I just set up a 75 with an Aqua Clear 110 that I am currently cycling and I like it so far. I used to have an old magnum 350 years ago but I only had it for a few months. It seemed alright at the time though. 
Also would one type be better then the other if I decide to get some low light live plants? I would like to stay under $200.00. I can get the two Aqua Clears for $160.00 locally.


----------



## aquaman (Feb 16, 2009)

Hard to say. Canisters are nice cause you have room for media... But two Acua clears will move a higher GPR.


----------



## obscbyclouds (Apr 6, 2009)

Typically canister filters would be better for live plants. HOB's churn the water surface a lot and cause the outgassing of CO2. As a side note, I like canisters better because they are easier to customize with different media and are usually quieter.


----------



## IMIGHT (Jun 30, 2009)

Hands down a canister filter is the best IMO. The problem is which canister to buy.
1) price( a canister is gonna cost alot more but the performance/customization of a canister is worth the extra money.
2)performance/gph ( there are many different sizes/models of canister filters, pick one that is rated for more than your tank size)
3)model ( many different makers of canister filters, Eheim,Fluval, Hagen, Rena, Marineland just to name a few. Look at models from companies your familiar with or there are many different threads here about choosing the best canister filter for your individual needs/tank requirements. Hope this helps good luck with your fishes.


----------



## ladyonyx (Apr 20, 2009)

Canister for sure. Better for live plants because it leaves more CO2 in the water for plants to use like obscbyclouds said. 
I'm a fan of Eheim and Fluval. I've had an Eheim canister filter on a 60g FOWLR tank for over 15 years and never had a problem.
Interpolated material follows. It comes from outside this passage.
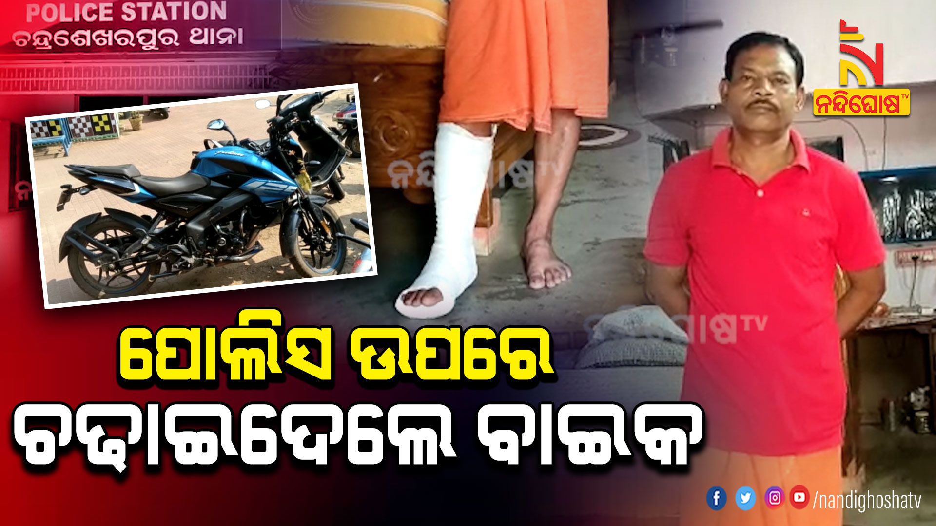 ଗତକାଲି ଇନଫୋସିଟି ଛକରେ ହେଲମେଟ୍ ଚେକିଂ ବେଳେ ଦୁଇଜଣ ଛାତ୍ର ବିନା ହେଲମେଟ ବାଇକ୍ ନେଇ ଆସୁଥିଲେ । ପୋଲିସ କର୍ମଚାରୀ ଗାଡି ସାଇଡ କରିବାକୁ କହିବାରୁ ଧକ୍କାମାରି ଖସି ପଳାଇଥିଲେ । ସତୀଶଙ୍କ ଡାହାଣ ଗୋଡ଼ ଭାଙ୍ଗି ଯାଇଛି । ଦୁଇ ଜଣଙ୍କୁ ଅଟକ ରଖିବା ସହ ବାଇକ ଜବତ କରିଛି ଚନ୍ଦ୍ରଶେଖରପୁର ଥାନା ପୋଲିସ ।

Superior engineering IMO


----------



## aspects (Feb 22, 2009)

considering you are planning to go with low light plants, you do not need to worry about co2.
also, you will likely get more media volume, and a higher flow rating (making for better mech & bio filtration) if you go with 2 ac110 over a canister. and since you already have one, you are looking at spending less for a second aquaclear110 rather than a canister.
the *only* "downside" is that the 2 HOB will be more bulky than running a single canister. but if you have space behind your tank, and dont mind the 2 intake pipes in the tank, i would just get a second ac110.


----------



## ltownsalty (Oct 3, 2009)

Cannister, mainly because they're out of the way of sight, and they work really well. Not to mention they make a fraction of the noise a HOB does


----------